Republicans are getting queasy at the gruesome sight of their party eating itself alive, savaging the brand in ways that will long resonate.
The contenders in the Hester Prynne primaries are tripping over one another trying to be the most radical, unreasonable and insane candidate they can be. They pounce on any traces of sanity in the other candidates—be it humanity toward women, compassion toward immigrants or the willingness to make the rich pay a nickel more in taxes—and try to destroy them with it.

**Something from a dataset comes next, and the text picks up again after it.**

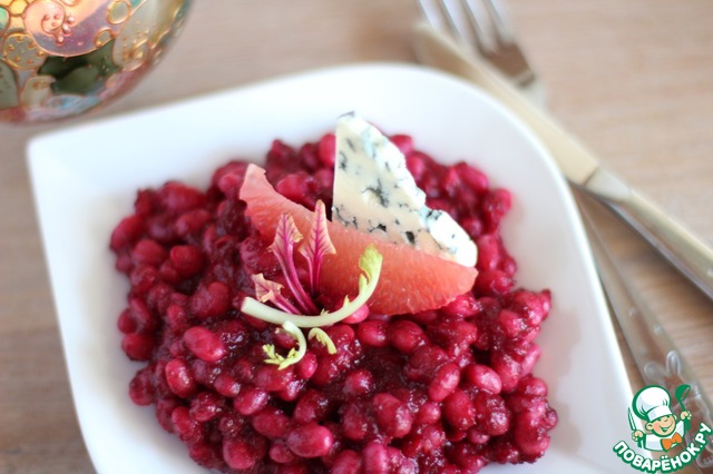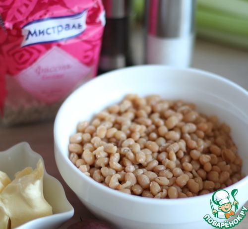 Здравствуйте дорогие девочки!!! Эх, давно я не была в вашей теплой хлебо-сольной компании…. Всех с наступающими! Но от слов к делу – будем украшать стол очень красивой фасолью. Я люблю этот рецепт за простоту приготовления, изысканный вкус и праздничность. Самое долгое в рецепте это варка основных ингредиентов. Поэтому, ставим варить фасоль, как указано в инструкции, с добавлением соли и щепотки соды. Соль не вредит бобовым и не делает их твёрже, как полагают многие, это уже научно доказано. А сода поможет сделать бобики мягче. Вместо соды можно положить имбирь или кусочек ананаса – эффект тот же. Параллельно варим свёклу. Не забудьте достать из холодильника сливочное масло, оно должно согреться до комнатной температуры.

President Barack Obama has deranged conservatives just as W. deranged liberals.
Newt Gingrich, a war wimp in Vietnam who supported W.’s trumped-up invasion of Iraq, had the gall to tell a crowd at Oral Roberts University in Tulsa, Okla., that defeating Obama—“the most dangerous president in modern American history”—was “a duty of national security” because “he is incapable of defending the United States” and because he “wants to unilaterally weaken the United States.” Who killed Osama again?
How can the warm, nurturing Catholic Church of my youth now be represented in the public arena by uncharitable nasties like Gingrich and Rick Santorum?
“It makes the party look like it isn’t a modern party,” Rudy Giuliani told CNN’s Erin Burnett, fretting about the candidates’ Cotton Mather attitude about women and gays.
After a speech in Dallas last month, Jeb Bush also recoiled: “I used to be a conservative, and I watch these debates and I’m wondering, I don’t think I’ve changed, but it’s a little troubling sometimes when people are appealing to people’s fears and emotion rather than trying to get them to look over the horizon for a broader perspective.”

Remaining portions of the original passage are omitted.